*** Block opens ***
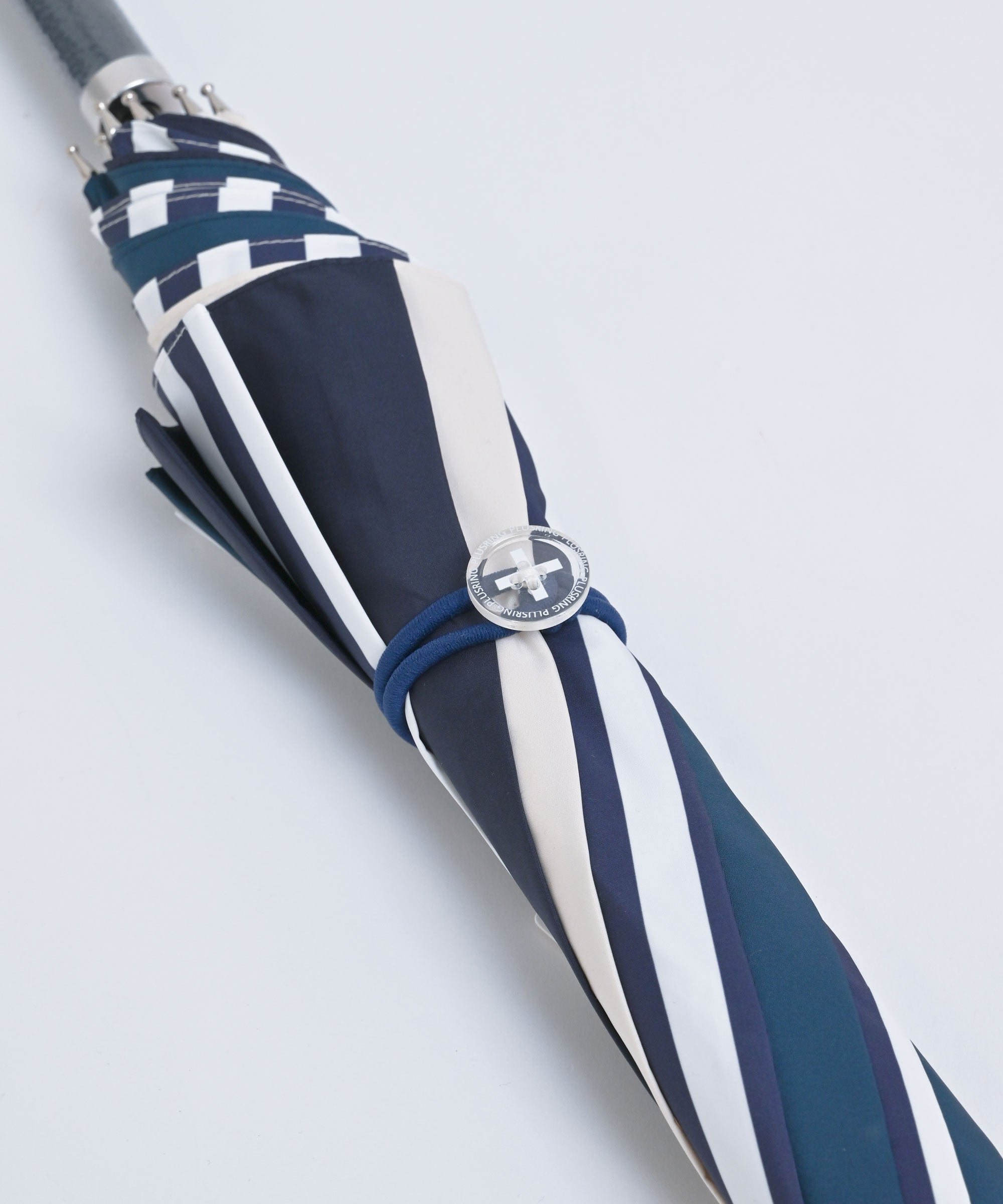PLUSRINGと刻印されたボタンに、ゴムバンドのストラップを引っかける簡単仕様になっており、左右どちらから巻いても傘を束ねてしまうことができます。
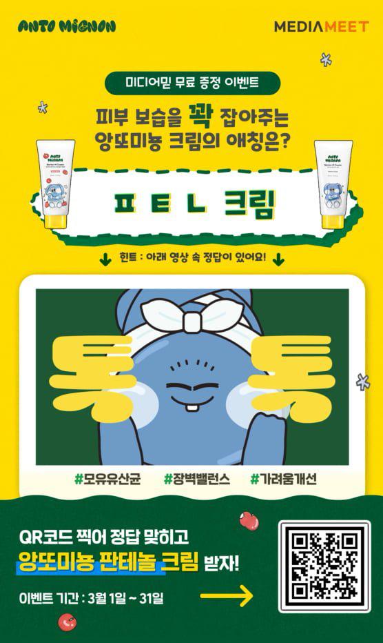 [미디어믿] 앙또미뇽 판테놀크림 무료 증정 초성퀴즈
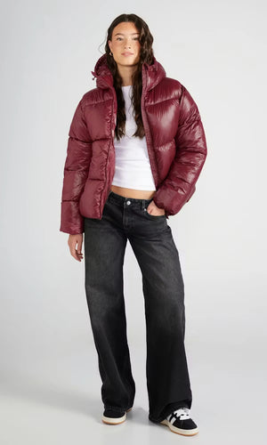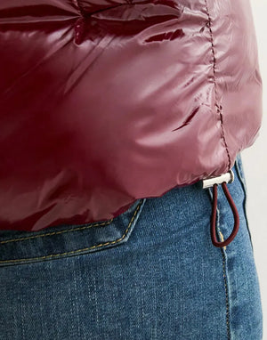 Sa finition brillante donne une allure moderne qui se porte aussi bien avec un jean et des baskets qu’avec un pantalon tailleur et des bottes. Disponible en noir profond et bordeaux, c’est la doudoune parfaite pour celles qui veulent une pièce courte, actuelle et vraiment chaude pour l’hiver.
*** Block closes ***
From the first line to the last, write out the data exactly, dropping any pictures.

PLUSRINGと刻印されたボタンに、ゴムバンドのストラップを引っかける簡単仕様になっており、左右どちらから巻いても傘を束ねてしまうことができます。
 [미디어믿] 앙또미뇽 판테놀크림 무료 증정 초성퀴즈
 Sa finition brillante donne une allure moderne qui se porte aussi bien avec un jean et des baskets qu’avec un pantalon tailleur et des bottes. Disponible en noir profond et bordeaux, c’est la doudoune parfaite pour celles qui veulent une pièce courte, actuelle et vraiment chaude pour l’hiver.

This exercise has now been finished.